Classification Flashcards
impute/imputation
In statistics, imputation is the process of replacing missing data with substituted values.
confusion matrix
- A cross-tabulation of our model’s predictions against actual values
- A matrix (table) used to measure the performance of a machine learning algorithm
- Rows: actual classes (Ci)
- Columns: predicted classes (Cj)
What are the 4 possible outcomes of classification task?
True Positive
False Postive
False Negative
True Negative
What is the common choice for the baseline model for a classification problem?
a model that simply predicts the most common class every single time
What are the common evaluation metrics for a classification problem/model?
- Accuracy
- Precision
- Recall
- Specificity
- f1 score
- ROC curve
What is accuracy?
the number of times we predicted correctly divided by the total number of observations
What is precision / positive predictive value?

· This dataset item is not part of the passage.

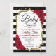 Invitation baby shower. Design élégant avec rayures noir et blanc et faux or parties scintillant. Caractéristiques police de script tendance, roses rouges et confetti. Parfait pour un Baby shower élégant.
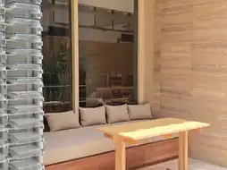 A super cool new café in the Phayathai area that catches your eye at first sight with its modern angular building. It stands out with glass block walls that softly play with natural light. The front wall is designed with simple square openings that add a subtle touch of creativity. Inside, the café is decorated in a clean white minimalistic style combined with light brown wooden furniture, creating a warm and relaxing atmosphere.

the percentage of positive predictions that we made that are correct.
What is recall / true positive rate / sensitivity?
the percentage of positive cases we accurately predicted.
What is specificity / true negative rate?

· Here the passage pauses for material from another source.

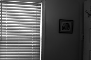This black and white photograph captures a serene corner of a room, emphasizing the interplay of light and shadow through partially closed blinds. The soft illumination highlights the textures of the walls and a small framed picture, evoking a sense of calm introspection. The composition draws the eye towards the subtle details, inviting viewers to pause and reflect in the quiet space.

the percentage of negative cases we accurately predicted.
The percentage of predicting true negative out of all negatives.
logistic regression
- A regression algorithm
- To find the values of the coefficients that weight each input variable)
- To assign observations to a discrete set of classes
- To predict discrete outcomes
- binomial and multinomial
- The output is a value between 0 and 1 that represents the probability of one class over the other.
regularized least squares
- A way of solving least squares regression problems
- An extra constraint on the solution, which is called regularization
- It adds a penalty term to the error.
- A argument in LogisticRegression
What are the components of a decision tree?
- root
- condition/internal node
- branches/edges
- decision/leaf
What is classification tree?
to classify the outcome variable
What is regression tree?
to predict continuous values like price of a house
CART = ?
classification and regression trees